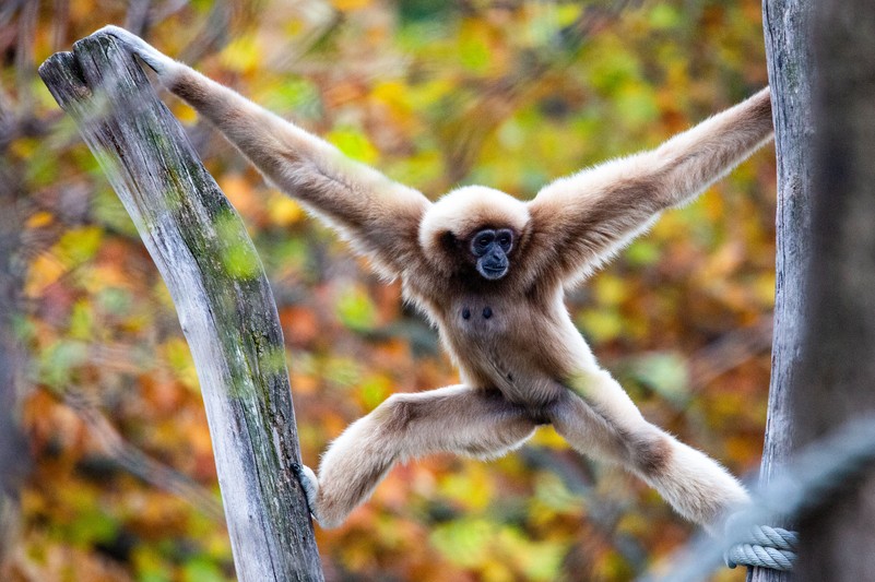 Diese kleinen Menschenaffen sind hoch spezialisierte Hangler und Schwingkletterer, die bis zu 12 m weit durch die Baumkronen „fliegen" können. Aber auch aufrecht auf zwei Beinen bewegen sie sich geschickt und schnell.
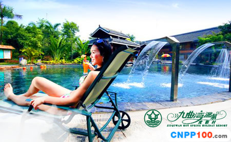 九曲灣溫泉度假村位于廣西首府南寧市三塘鎮(zhèn),座落在風(fēng)光秀麗的九曲灣農(nóng)場(chǎng),距市中心僅12公里,交通十分便捷,獨(dú)享優(yōu)越的地理環(huán)境。溫泉水由地下1219.94m深的地?zé)崽飶?fù)合圈噴涌而出,日涌水量達(dá)744m3/d,水溫在53.5℃—61℃之間,水質(zhì)晶瑩滑爽,泉水中含有偏硅酸、偏硼酸、硫化物、氟、氡、鋰、鍶等30多種對(duì)人體有益的微量元素和礦物質(zhì),是一種罕有的重碳酸鈉型溫?zé)峒?jí)含氡、偏硅酸的氟醫(yī)療熱礦水。對(duì)多種慢性疾病,如神經(jīng)性麻痹、癱瘓、風(fēng)濕性關(guān)節(jié)炎、腸胃病、心臟病、高血壓、糖尿病、動(dòng)脈硬化等有明顯的輔助治療功效,并具有防治皮膚病、抑制肥胖、美容肌膚等保健醫(yī)療作用。
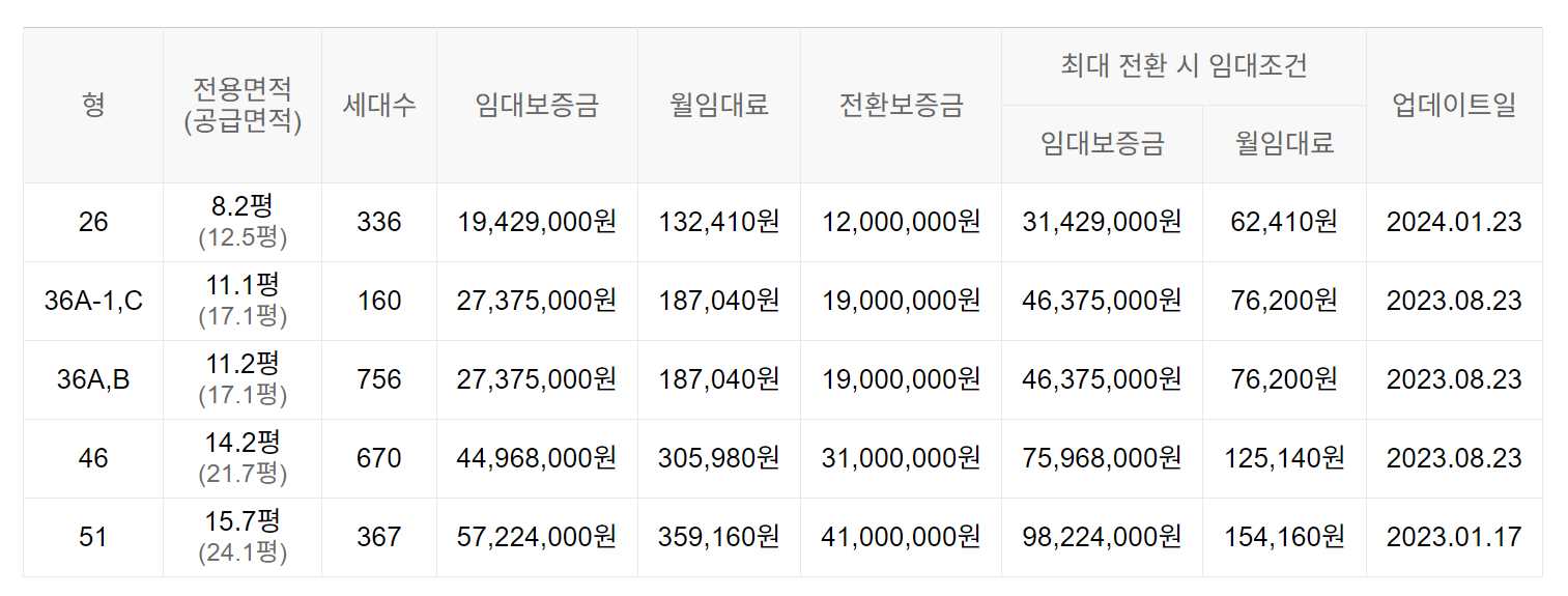 임대보증금 및 월 임대료는 입주자 모집공고일 기준이며, 보증금 최대 전환 시 변동될 수 있습니다.
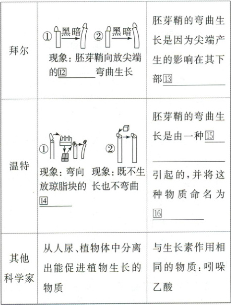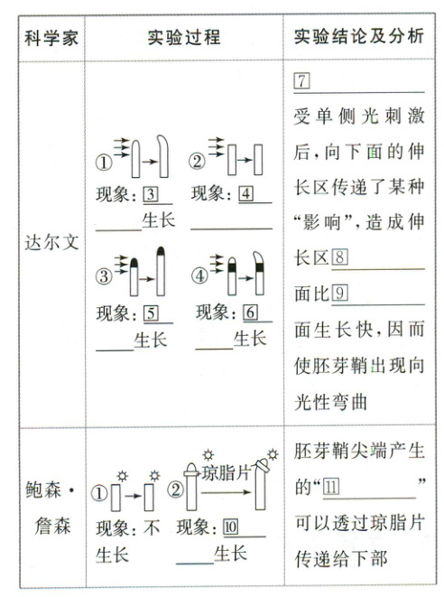 ③向光弯曲 ④既不生长也不弯曲 ⑤直立 ⑥向光弯曲 ⑦胚芽鞘的尖端 ⑧背光 ⑨向光 ⑩向光弯曲 ⑪影响 ⑫对侧 ⑬分布不均匀 ⑭对侧 ⑮化学物质 ⑯生长素
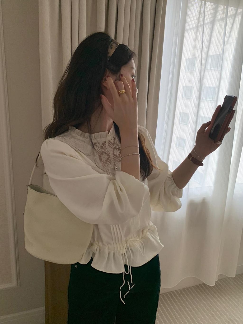 韓 法式優雅雕花花邊抽繩質感襯衫*圖片色*【S0323-62】
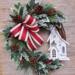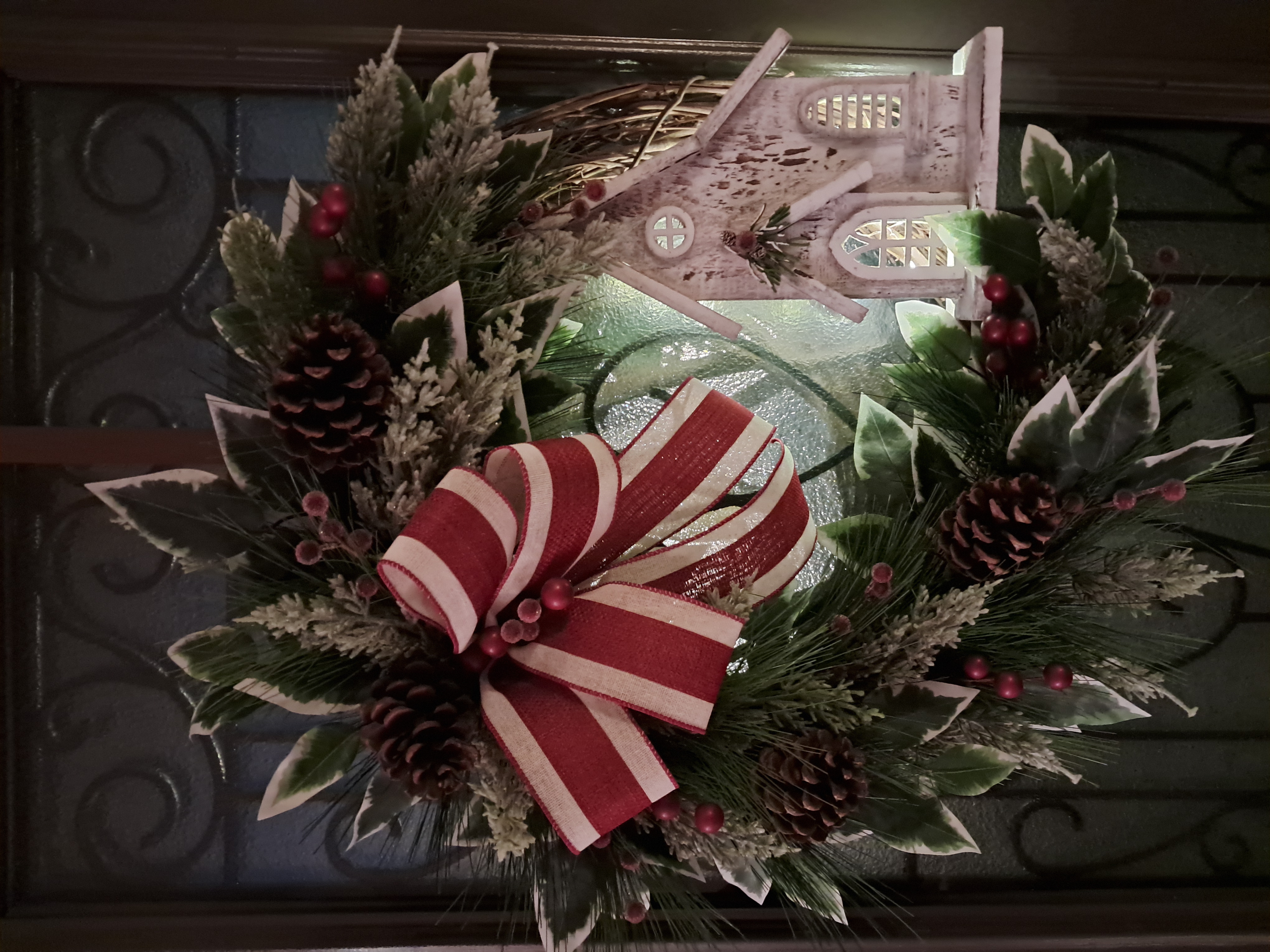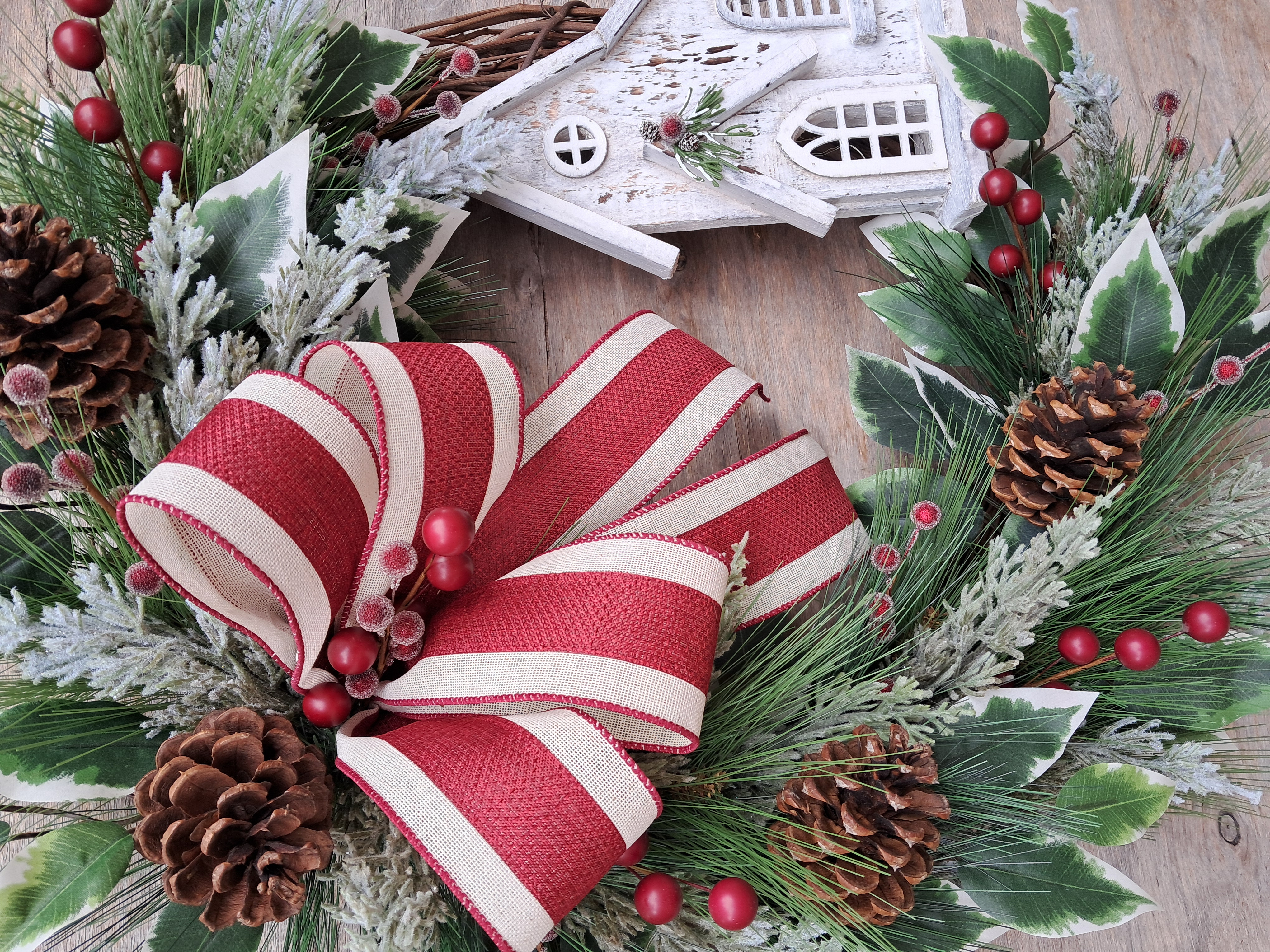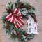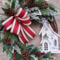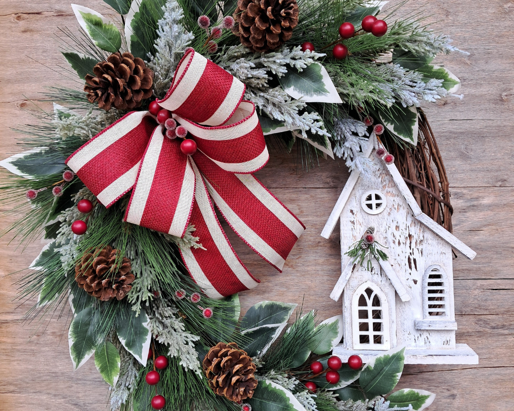 Bring timeless rustic charm to your Christmas decor with this beautifully handcrafted wreath. Built on a natural grapevine base, it features a quaint rustic church that lights up with a soft, warm glow — a battery-operated detail that adds cozy magic to your holiday evenings. Surrounding the church are layers of variegated ficus, long-needle pine, shimmering cedar, pine cones, and rich red berries. A red and ivory bow completes the look, blending festive color with refined, homespun elegance.

=====

#### [WORK ORDER]
Set down word for word the lines above from the one with "九曲灣溫泉度假村位于廣西首府" up to and including the one with "韓 法式優雅雕花花邊抽繩質感襯衫*圖片色*【S0323-62】". Omit every picture.

#### [RESPONSE TO THIS EXERCISE]
 九曲灣溫泉度假村位于廣西首府南寧市三塘鎮(zhèn),座落在風(fēng)光秀麗的九曲灣農(nóng)場(chǎng),距市中心僅12公里,交通十分便捷,獨(dú)享優(yōu)越的地理環(huán)境。溫泉水由地下1219.94m深的地?zé)崽飶?fù)合圈噴涌而出,日涌水量達(dá)744m3/d,水溫在53.5℃—61℃之間,水質(zhì)晶瑩滑爽,泉水中含有偏硅酸、偏硼酸、硫化物、氟、氡、鋰、鍶等30多種對(duì)人體有益的微量元素和礦物質(zhì),是一種罕有的重碳酸鈉型溫?zé)峒?jí)含氡、偏硅酸的氟醫(yī)療熱礦水。對(duì)多種慢性疾病,如神經(jīng)性麻痹、癱瘓、風(fēng)濕性關(guān)節(jié)炎、腸胃病、心臟病、高血壓、糖尿病、動(dòng)脈硬化等有明顯的輔助治療功效,并具有防治皮膚病、抑制肥胖、美容肌膚等保健醫(yī)療作用。
 임대보증금 및 월 임대료는 입주자 모집공고일 기준이며, 보증금 최대 전환 시 변동될 수 있습니다.
 ③向光弯曲 ④既不生长也不弯曲 ⑤直立 ⑥向光弯曲 ⑦胚芽鞘的尖端 ⑧背光 ⑨向光 ⑩向光弯曲 ⑪影响 ⑫对侧 ⑬分布不均匀 ⑭对侧 ⑮化学物质 ⑯生长素
 韓 法式優雅雕花花邊抽繩質感襯衫*圖片色*【S0323-62】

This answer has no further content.